Он гордился тем, что и после войны остался холостяком, и в тот вечер, сидя в пустом еще баре, где только приглушенно напевала мандолина (пламя мелодии то гасло, то, мерцая, вспыхивало опять), жадно разглядывал в отражении зеркал свое лицо под густой шапкой волос — лицо, которое тридцать пять прожитых лет еще не отметили своей печатью. Однако ему подумалось, что старение, не тронув пока его тело, исподволь подтачивает его жизнь. Хотя ему было лестно слышать, как женщины спрашивают: «Кто этот высокий молодой человек?» — он все же не мог не знать, что более прозорливые двадцатилетние юнцы уже не причисляют его к своему эфемерному племени. Может быть, у Эдди нашлось занятие поинтереснее, чем до зари разговаривать с ним под оглушительный рев саксофона, а может быть, он просто сидит сейчас в другом баре, изливая душу какому-нибудь мальчишке 1904 года рождения, который поминутно перебивает его восклицаниями: «Я тоже!» или: «Точь-в-точь, как я!»

II

От коллежа, где его часто выгоняли из класса и он, неопрятный мальчишка, слонялся по коридорам или подпирал стенку, до родительского дома в предместье было не близко, но Раймона это радовало.
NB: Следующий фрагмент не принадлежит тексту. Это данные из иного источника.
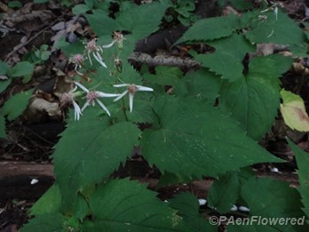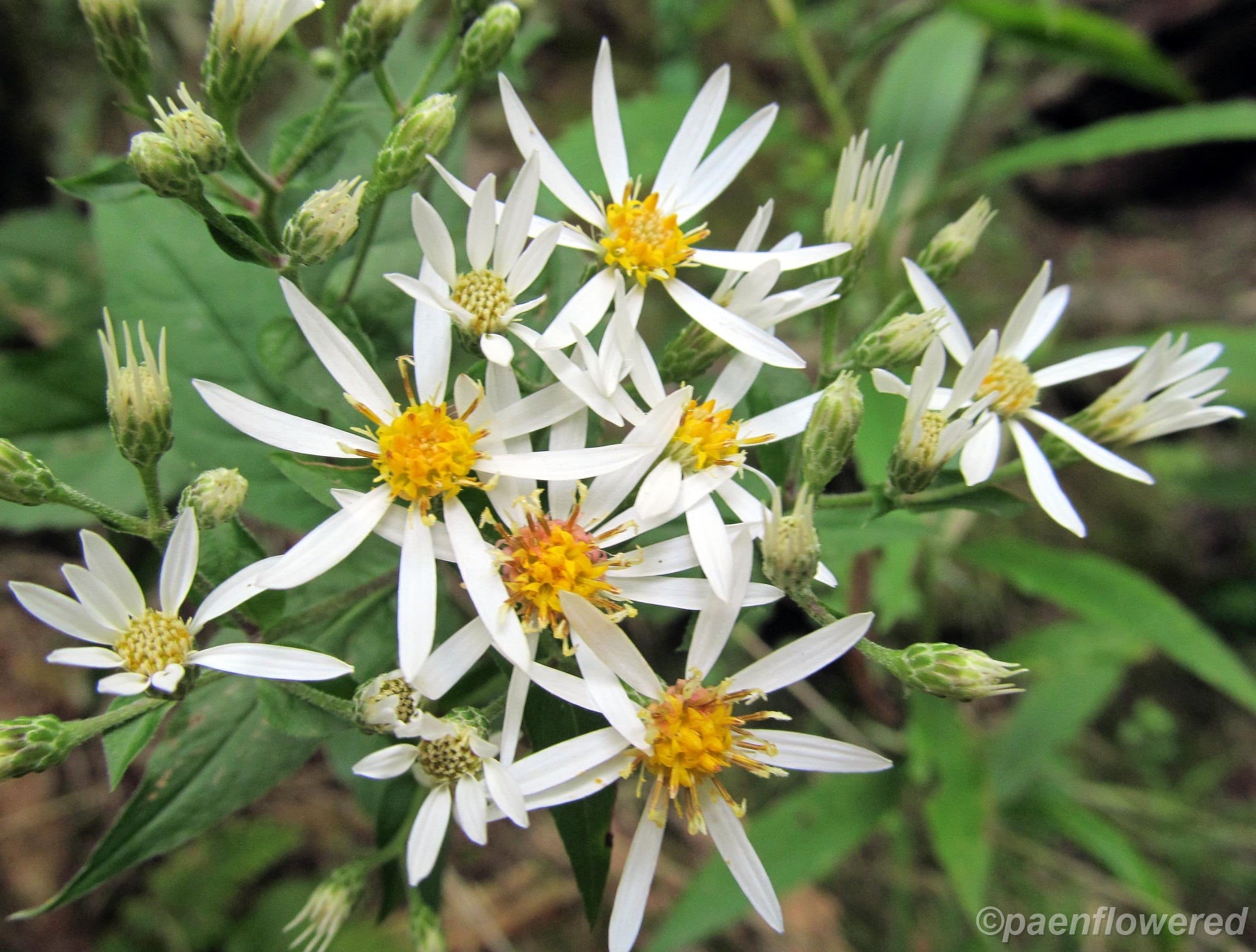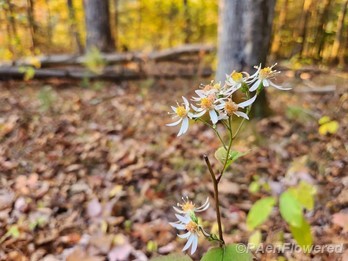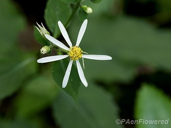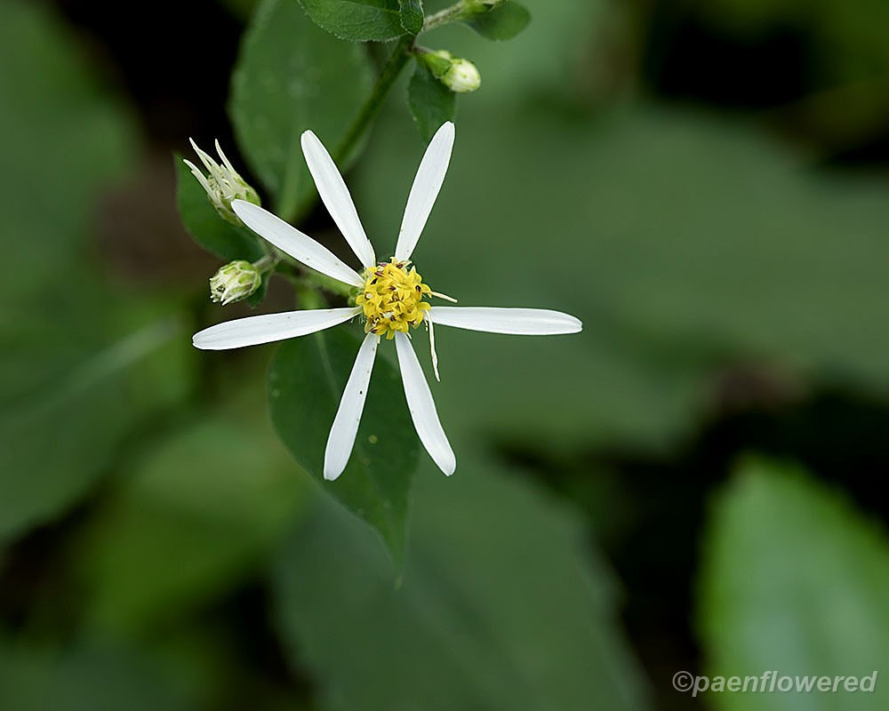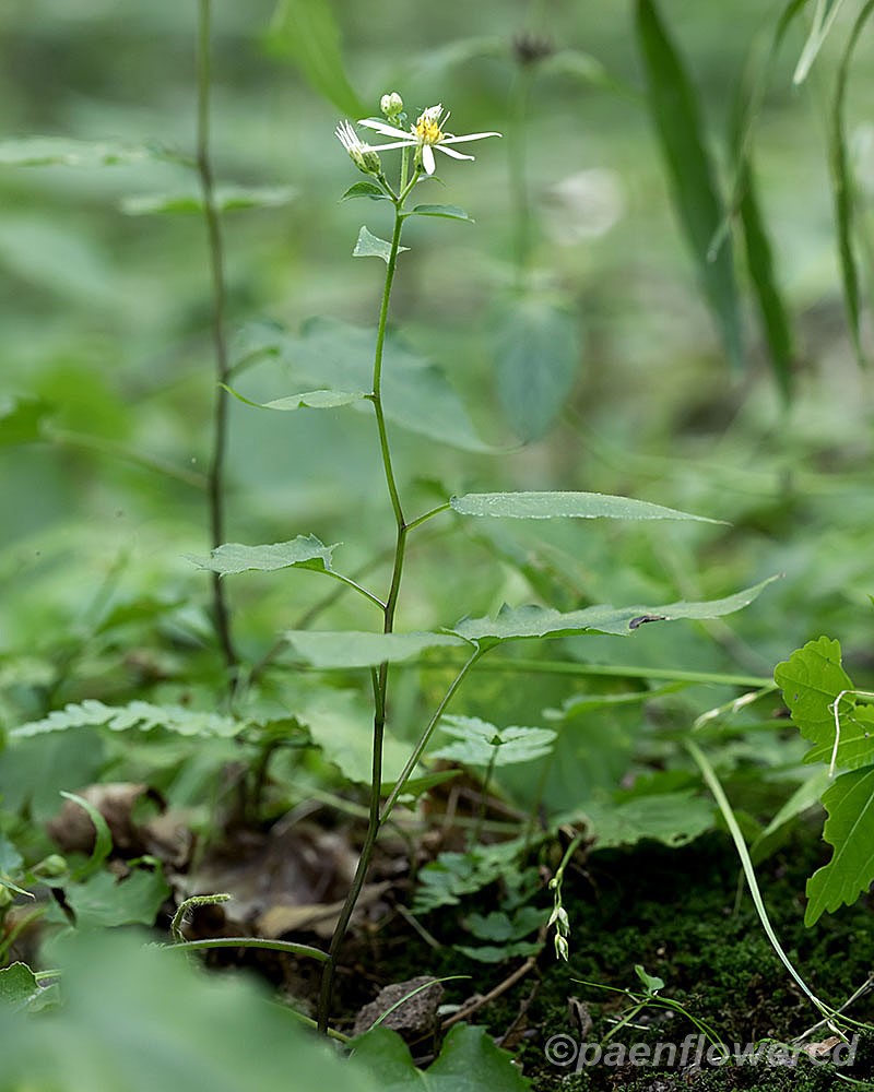 A common aster of the woods, with white petals and heart-shaped, toothed leaves

Сев в трамвай, он испытывал облегчение: здесь, среди чужих людей с безучастным взглядом, он был один, особенно зимой; темнота, которую лишь изредка разрывал луч фонаря или ярко освещенные окна какого-нибудь бара, изолировала его, отделяла от всех, от попутчиков в рабочей одежде, пахнущей влагой; у одного к отвислой губе прилепилась погасшая сигарета, другие дремлют, запрокинув лица в морщинах с въевшейся угольной копотью; из чьих-то отяжелевших рук выпала газета, а вон та простоволосая женщина тянет к свету очередной выпуск романа с продолжением, и губы ее шевелятся, точно в молитве. Но в конце концов после Таланской

[2]

церкви надо было сходить.

Трамвай, как подвижный бенгальский огонь, на секунду выхватывал из тьмы аллею какого-нибудь сада, ряды оголенных тисов и буков. Мальчишка, перескакивая через лужи, бежал по улице, где пахло сырым лесом и прелыми листьями, и слышал позади себя затихающий стук колес и троллеев. Он сворачивал на узкую тропинку, огибавшую сад Куррежей, и, толкнув незапертую калитку, входил в дом с черного хода, со стороны служб. Лампа, горевшая в столовой, отбрасывала свет на цветник под окнами, куда весной пересаживали фуксии, — они не любят яркого солнца. И Раймон опять хмурился, как в коллеже: брови его сдвигались в сплошную темную линию, рот кривился; он входил в гостиную и буркал «добрый вечер», обращаясь сразу ко всем, кто сидел там, сгрудившись возле тусклой, из экономии, лампы. Мать спрашивала, сколько раз надо ему говорить, чтобы он хорошенько вытирал ноги о железную скобу перед дверью, и неужели он рассчитывает сесть за стол «с такими руками». Г-жа Курреж-бабушка вполголоса замечала невестке:

— Вы же знаете, что Поль говорит: не надо попусту раздражать ребенка.

Так с его появлением сразу начинались язвительные речи.

Он садился где-нибудь в углу. Мадлена Баск, сестра Раймона, продолжала прилежно вышивать и даже не поднимала глаз на брата. «Я для нее значу меньше, чем собака», — думал Раймон. Он был «бичом семьи», и Мадлена любила говорить, что «он еще себя покажет», а ее муж, Гастон Баск, добавлял: «Особенно при таком бесхарактерном отце».

III

Вскоре после этих событий, летом того же года, Раймону Куррежу исполнилось семнадцать. То лето помнится ему как небывало жаркое, засушливое, — кажется, с тех пор небо никогда уже не пекло каменистый город таким нестерпимым зноем. А ведь он не забыл, какое лето может быть в Бордо, где ближние холмы служат заслоном от северного ветра, а песок и сосны, подступающие к самым городским воротам, удерживают и копят жару; лето в Бордо, где почти нет деревьев, если не считать городского сада, — в тот год изнемогавшим от жажды детям казалось, что за его великолепными решетками чахнет последняя на свете зелень.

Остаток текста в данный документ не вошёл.